In situ vaccination caused by diverse irradiation-driven cell death programs

Abstract

Interest surrounding the effect of irradiation on immune activation has exponentially grown within the last decade. This includes work regarding mechanisms of the abscopal effect and the success achieved by combination of radiotherapy and immunotherapy. It is hypothesized that irradiation triggers the immune system to eliminate tumors by inducing tumor cells immunogenic cell death (ICD) in tumor cells. Activation of the ICD pathways can be exploited as an in situ vaccine. In this review, we provide fundamental knowledge of various forms of ICD caused by irradiation, describe the relationship between various cell death pathways and the immune activation effect driven by irradiation, and focus on the therapeutic value of exploiting these cell death programs in the context of irradiation.
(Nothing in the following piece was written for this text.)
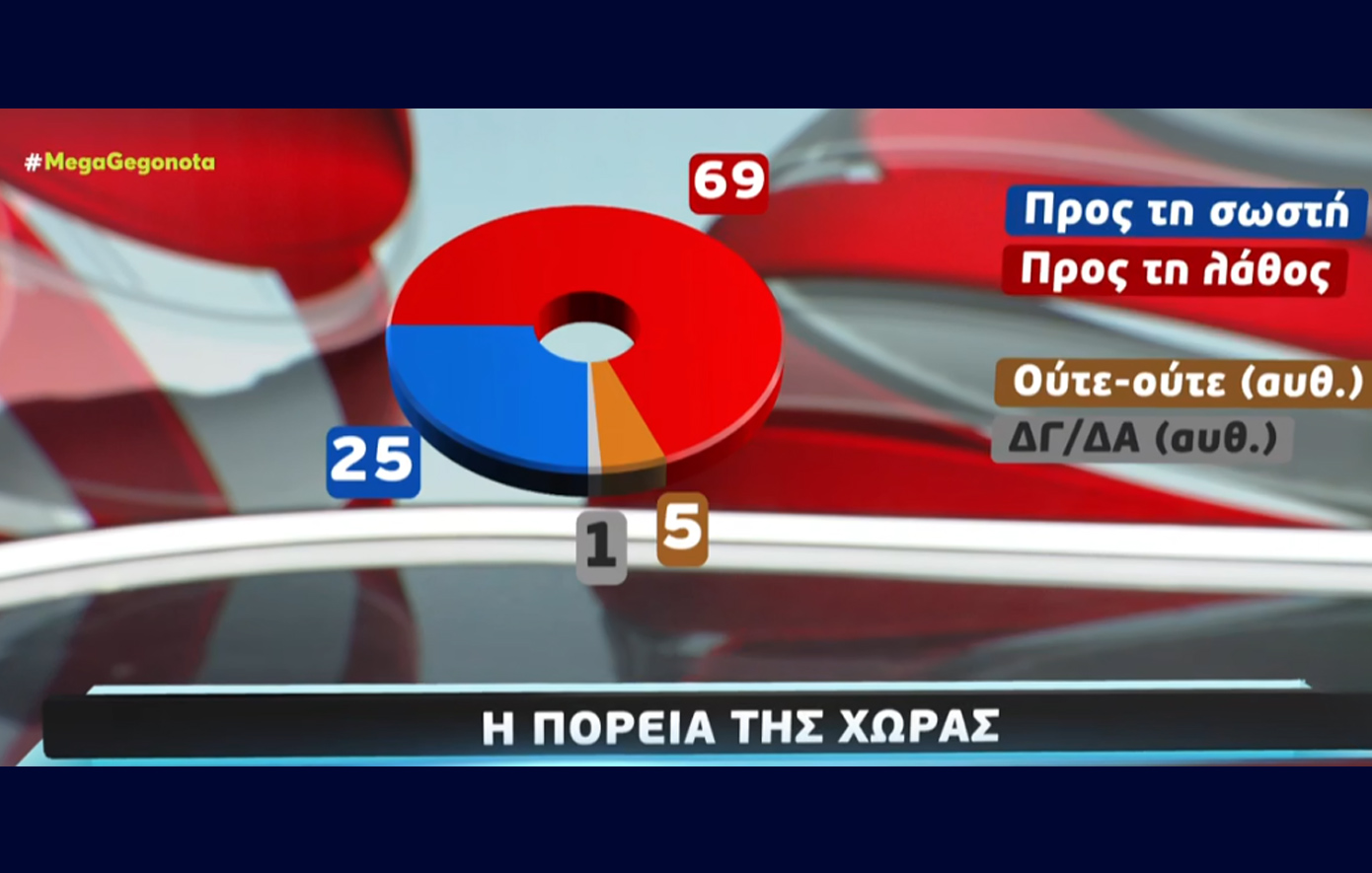 Ακόμη, το 69% πιστεύει ότι η χώρα βρίσκεται σε λάθος κατεύθυνση, σε αντίθεση με το 25% που πιστεύει ότι η χώρα κινείται σωστά.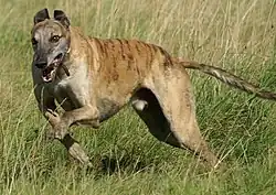 - dolichocefalická plemena (neboli dlouhohlavá) jsou psi s prodlouženou a plochou mozkovnou, často je u nich vystupující týlní kost. Délka hlavy přesahuje její šířku. Čenichová partie je rovněž dlouhá, obvykle s mozkovnou v poměru 1 : 1. Dolicocefalickými plemeny jsou chrti, kolie a jezevčíci. Existuje u nich predispozice k podkusu, kdy je dolní čelist kratší než čelist horní,[62] a ke vzniku oronazálních fistul.[63]

Furthermore, we summarize the immunomodulatory effect of different cell death programs on combinative radiotherapy and immunotherapy. In brief, differences in cell death programs significantly impact the irradiation-induced immune activation effect. Evaluating the transition between them will provide clues to develop new strategies for radiotherapy and its combination with immunotherapy.
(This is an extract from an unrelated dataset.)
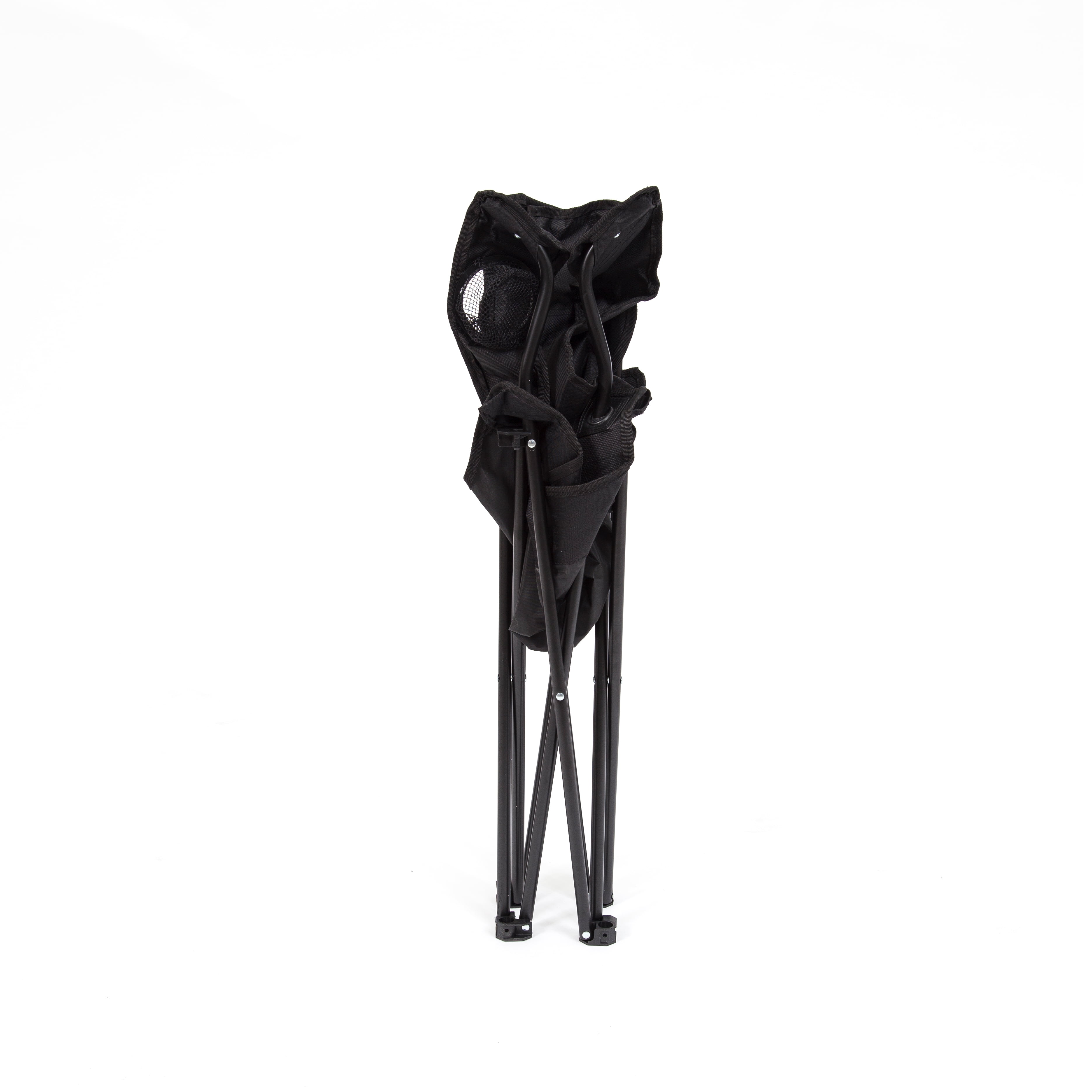 Seina Outdoor Portable Folding Chair with Armrests, Cup Holder and Carrying Bag, Black, Adult. Model# SBA-002. Adjustable armrests Mesh cup holder in the right armrest Folds up for easy, on-the-go portability and storage Includes carrying bag with shoulder strap and drawcord closure Steel and polyester construction Spot clean only No assembly required 19.7″ W x 32.7″ D x 34.6″ H when open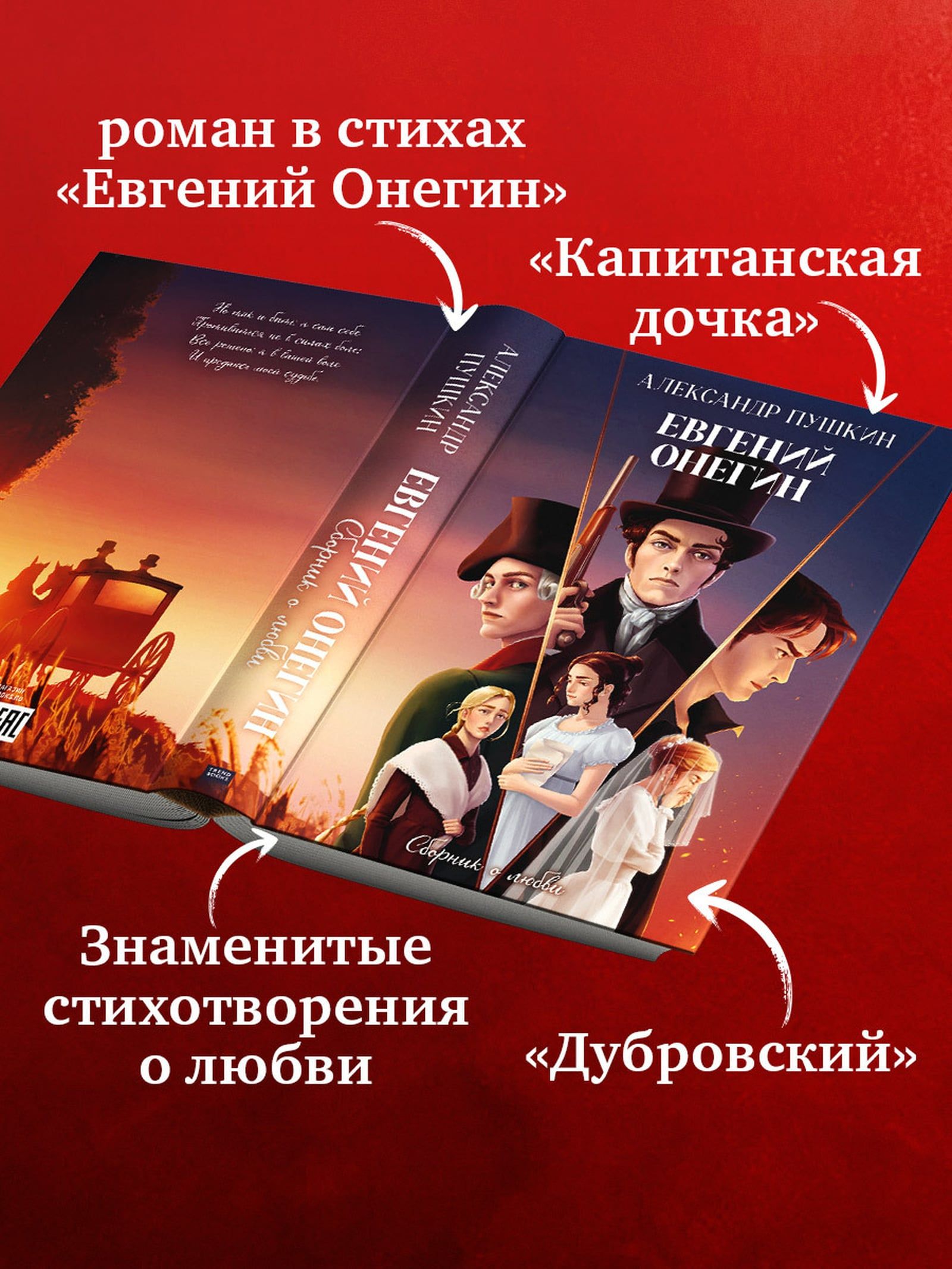 Культовая классика для современных читателей: роман в стихах «Евгений Онегин», романы «Капитанская дочка», «Дубровский» и стихотворения Пушкина о любви в стильном оформлении Trendbooks.

Keywords: Cell death programs; immunotherapy; in situ vaccine; irradiation.

Figure 1

The “in situ vaccine” impact triggered by radiotherapy on tumor microenvironment. APC, Antigen-presenting cells; EVs, Extracellular vesicles; MPs, Microparticles; ATP, Adenosine triphosphate; HMGB1, High mobility group box 1; CRT, Calreticulin.

Figure 2

The mechanisms underlying radiotherapy-induced necroptosis. FASL, Fas ligand; TRAIL, Tumor necrosis factor related apoptosis-induced ligand; TRAILR, Tumor necrosis factor related apoptosis-induced ligand receptor; ZBP1, Z-DNA binding protein 1; RIPK3, RIP kinases 3; MLKL, mixed-lineage kinase domain-like protein.

Figure 3

Radiotherapy-induced pyroptosis in tumor cells, immune cells and endothelial cells. OTUD4, OTU deubiquitinase 4; AIM2, Absent in melanoma 2; NLRP3, NOD-like receptor thermal protein domain associated protein 3; RILI, Radiation-induced lung injury; RIII, Radiation-induced intestine injury.

Figure 4

The mechanisms underlying radiotherapy-induced ferroptosis. PUFA, Polyunsaturated fatty acid; ACSL4, Long-chain fatty acid-CoA ligase4; LPCAT3, Lysophosphatidylcholine Acyltransferase 3; GPX4, Glutathione peroxidase 4; ALOXs, Arachidonic acid lipoxygenases; POR, Cytochrome P450 Oxidoreductase.

Figure 5

The network interactions between different cell death pathways driven by radiotherapy. FADD, Fas Associated Via Death Domain; cFLIP, Cellular FLICE-inhibitory protein; tBID, truncated BID; ASC, Apoptosis-Associated Speck-Like Protein Containing A CARD.

Figure 6

Strategies and potential targets of redirecting apoptosis toward ICD-mediated forms. NLRP3, NOD-like receptor family members 3; TAK1, TGF-β activated kinase 1; RIPK1, Receptor-interacting protein kinases 1; RIPK3, Receptor-interacting protein kinases 3; ZBP1, Z-DNA binding protein 1; MLKL, Mixed-lineage kinase domain-like.